A girl this hungry seemed dangerous, and I didn’t want to be caught in the cross of her being forced to slow down.

She’d obviously been trying to be courteous to Fern by telling her she would skip dinner.

As she sucked the last drops of the grease from the wing with a pop of her lips and a moan, I realized this was putting me in an incredibly unsettling position. Apparently, it didn’t take much these days. I shifted slightly in my seat, trying to make myself more comfortable.

She met my eyes as a squeak from her lost breath hitched in her throat. Not saying anything and seemingly not breathing either, she darted her eyes around the cottage behind me.

“Oh great. Now I’m seeing angels.” She slid her chair back hard, screeching against the floorboards. Pacing behind the table, she pressed her palm to her forehead, as if checking for a fever. “For fuck’s sake, Amelie, you’ve been here for less than a week, and you’ve already gone completely mad!”

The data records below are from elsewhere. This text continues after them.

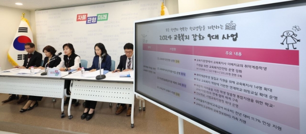 셋째, 학교 안팎 학생을 아우르는 다양한 대안교육 기회를 제공한다.학교 안 학생을 위한 학업중단예방 집중지원학교, 학교 내 대안교실 687교 운영(전년 대비 60교 증가), 학교 밖 학생을 위해 도교육청 등록 대안교육기관 지원비를 전년 대비 9억원 증액했다.도교육청 엄신옥 교육복지과장은 “취약계층, 학교 밖 청소년을 비롯해 모든 학생이 건강한 성장판을 가지고 미래로 나아갈 수 있도록 지원하겠다”라며 “교육복지 사업을 강화해 정교하고 튼튼한 교육복지 안전망을 만들어 나가겠다”고 말했다.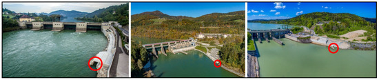 Study sites: Hydro Power Plants (HPP) Lavamünd (left), Schwabeck (middle) and Edling (right), situated at river Drava, Carinthia/Austria. Red circles indicate the entrances of the fish passes.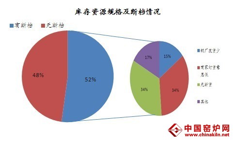 在库存资源是否充足方面,卓创调查53%库存规格不齐全,其中有34%的商家表示目前对钢厂订货意愿低,主要原因是因进入传统淡季,需求低迷,商家惯性以出货为主,故进货意愿相对较弱,15%的商家表示,钢厂控制发货量,主要是因天气炎热,钢厂检修居多。
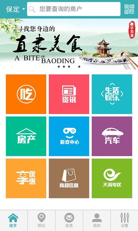 趣享是由保定市森和廣告?zhèn)髅接邢薰揪拇蛟?,移?dòng)互聯(lián)時(shí)代的本地生活服務(wù)平臺(tái),2013年5月1日正式上線,通過(guò)線上營(yíng)銷整合線下活動(dòng)及消費(fèi)的模式,為各類商家提供精準(zhǔn)營(yíng)銷的解決方案,為廣大用戶提供優(yōu)質(zhì)優(yōu)惠的商品信息和消費(fèi)體驗(yàn)。改變生活從此刻開始【更新日志】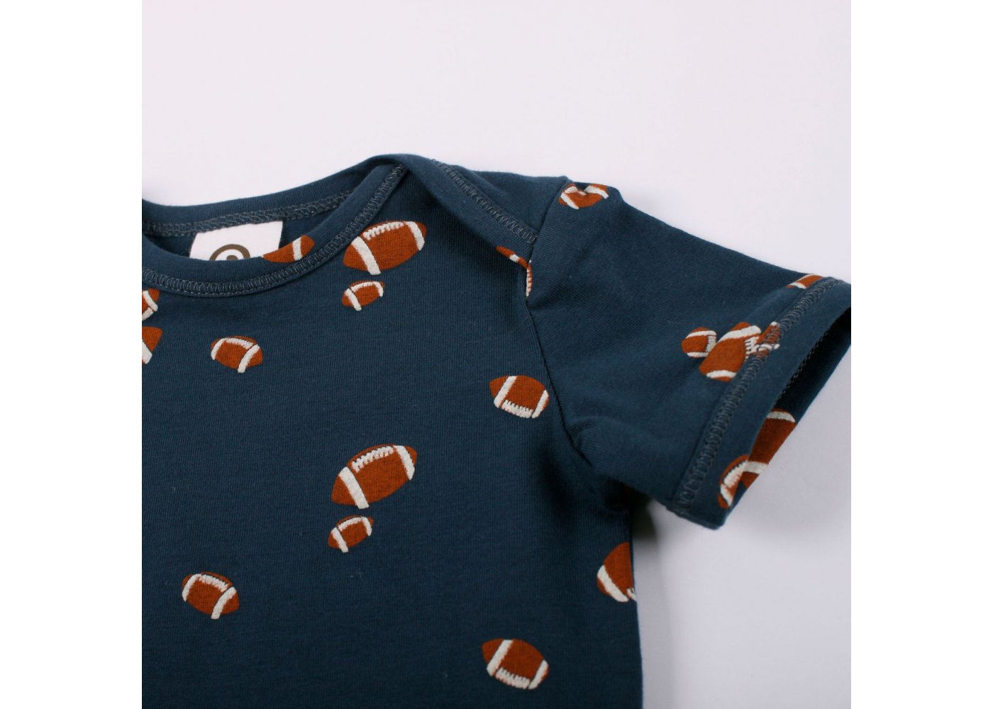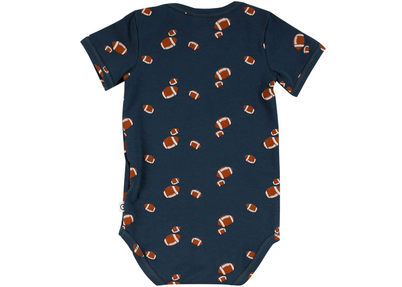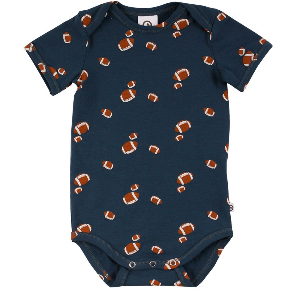 Super sød kortærmet body i blå farve og med rugbybolde fra Freds World.Bodyen har smalle ribkanter i alle åbninger, kuvertlukning på skuldre og lukkes med trykknapper imellem ben. Den er fremstillet i en lækker, blød og strækbar bomuldskvalitet, der gør den behagelig at have på.Tekstil: 95 % økologisk bomuld, 5 % elastan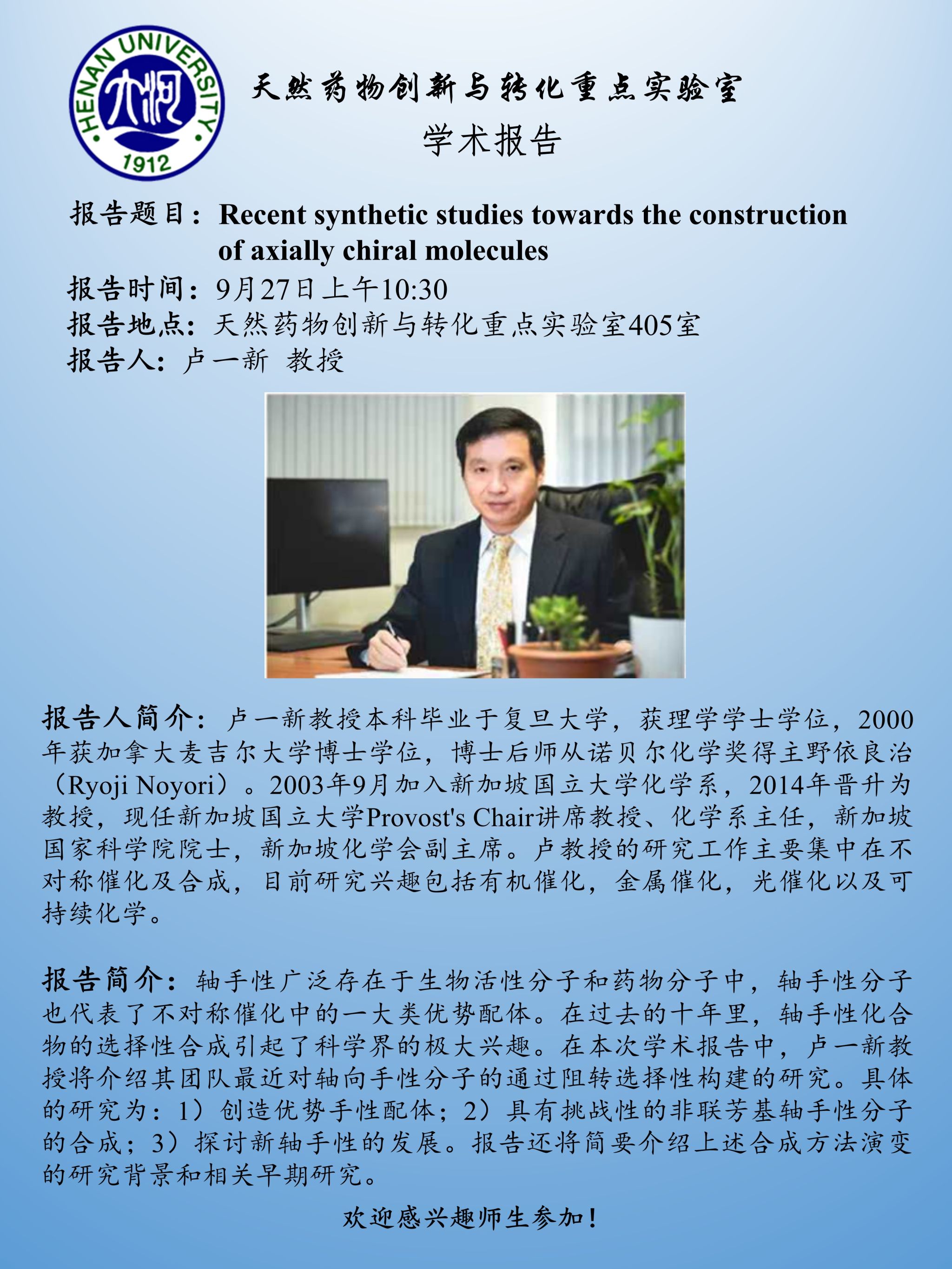卢一新:Recent synthetic studies towards the construction of axially chiral molecules (时间:9月27日)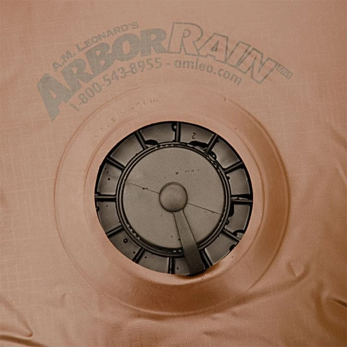 Use the Leonard ArborRain Hydration System to give your plants and trees complete water coverage. This high-capacity version holds 32 gallons of water. It utilizes two removable emitters to release this water slowly over a 5 to 8-hour period. The 1-5/8-inch diameter fill port features a threaded cap and fits a wide variety of hoses for quick filling. This model fits trees and shrubs up to 6 inches in diameter. The durable plastic material contains two additives to protect it from sunlight and cold weather.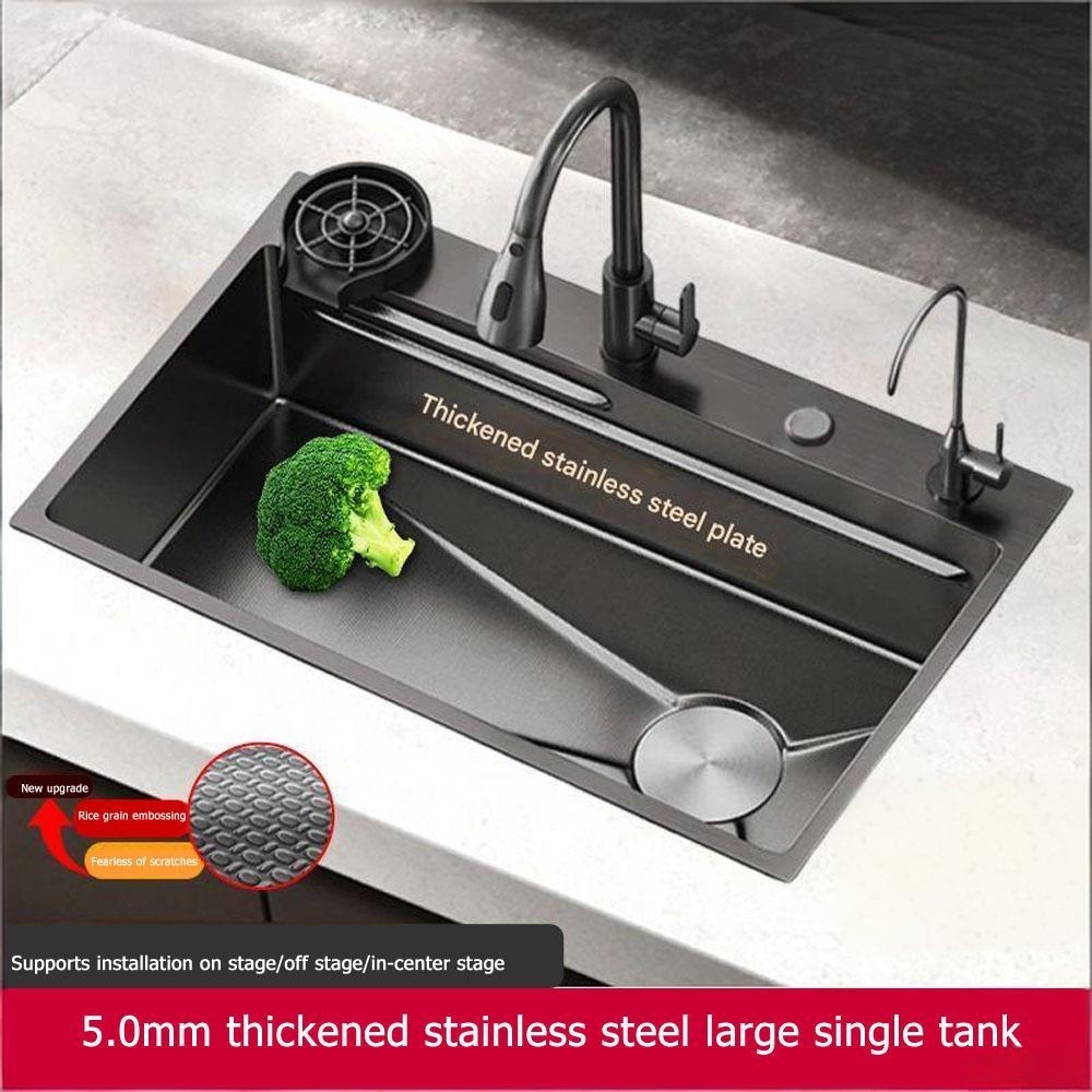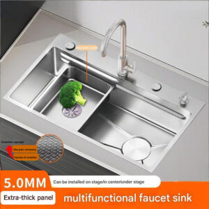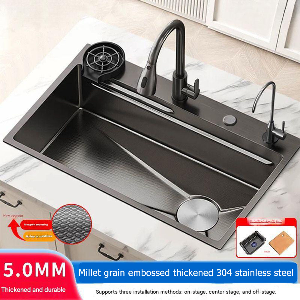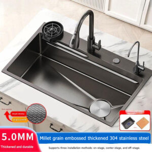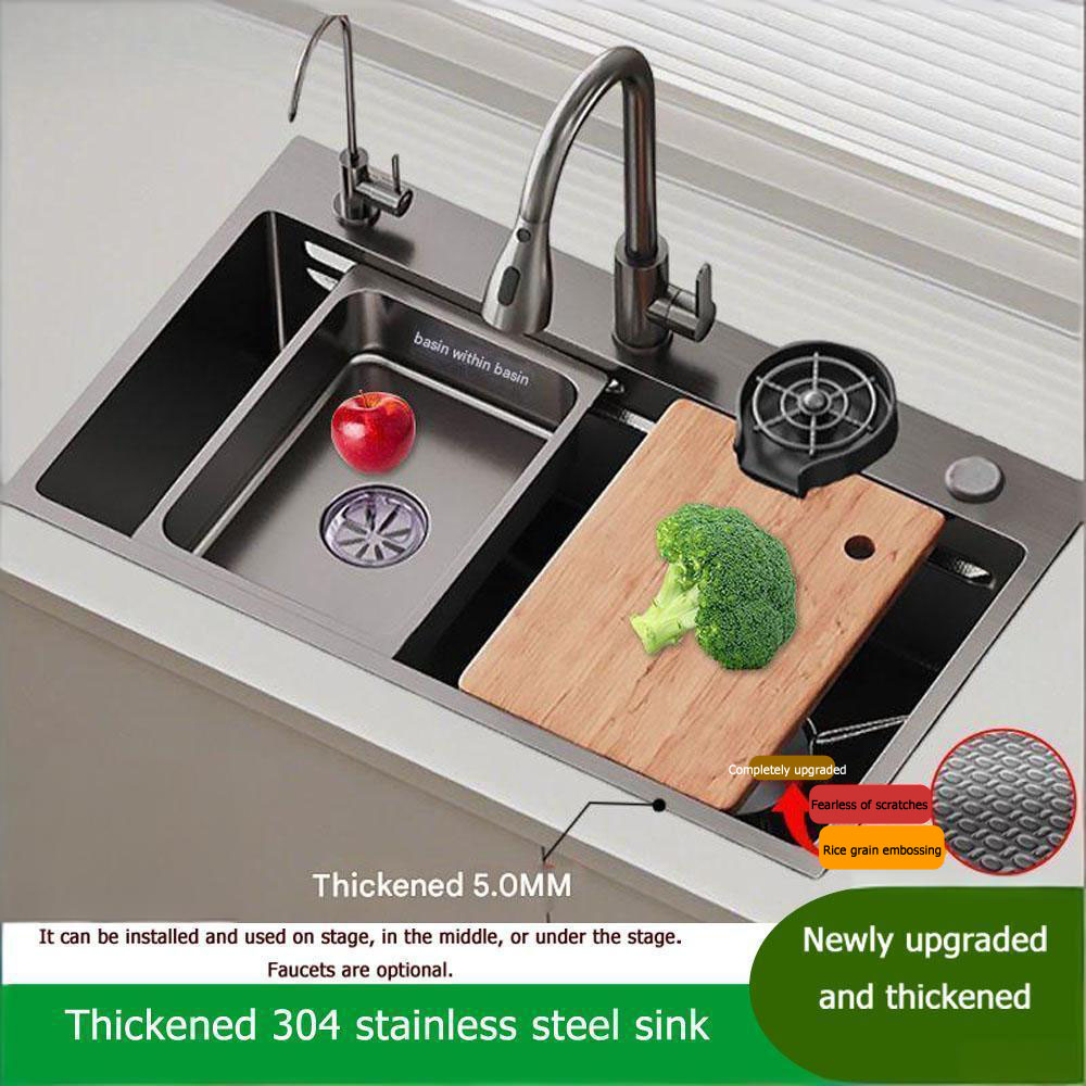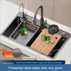 5.0mm rice grain embossed kitchen sink, thickened 304 stainless steel, single bowl for washing vegetables and dishes.

She looked back to me, blinking so hard that I couldn’t tell if she was trying to force herself to sleep or if she had something in her eyes.

I looked over my shoulder, she was seeing angels?

Hoping her hallucination would pass and we could continue our official meeting, I waited. She rounded the long oak table and stood beside me, breathing shakily down at me as I stayed seated.

I turned to look at her, fearful now that I was the one in danger. Me. A three hundred year old Witch in danger of a girl who just annihilated her chicken wings.

And I’d wager a bet that was probably the most damage she’d ever done to anything.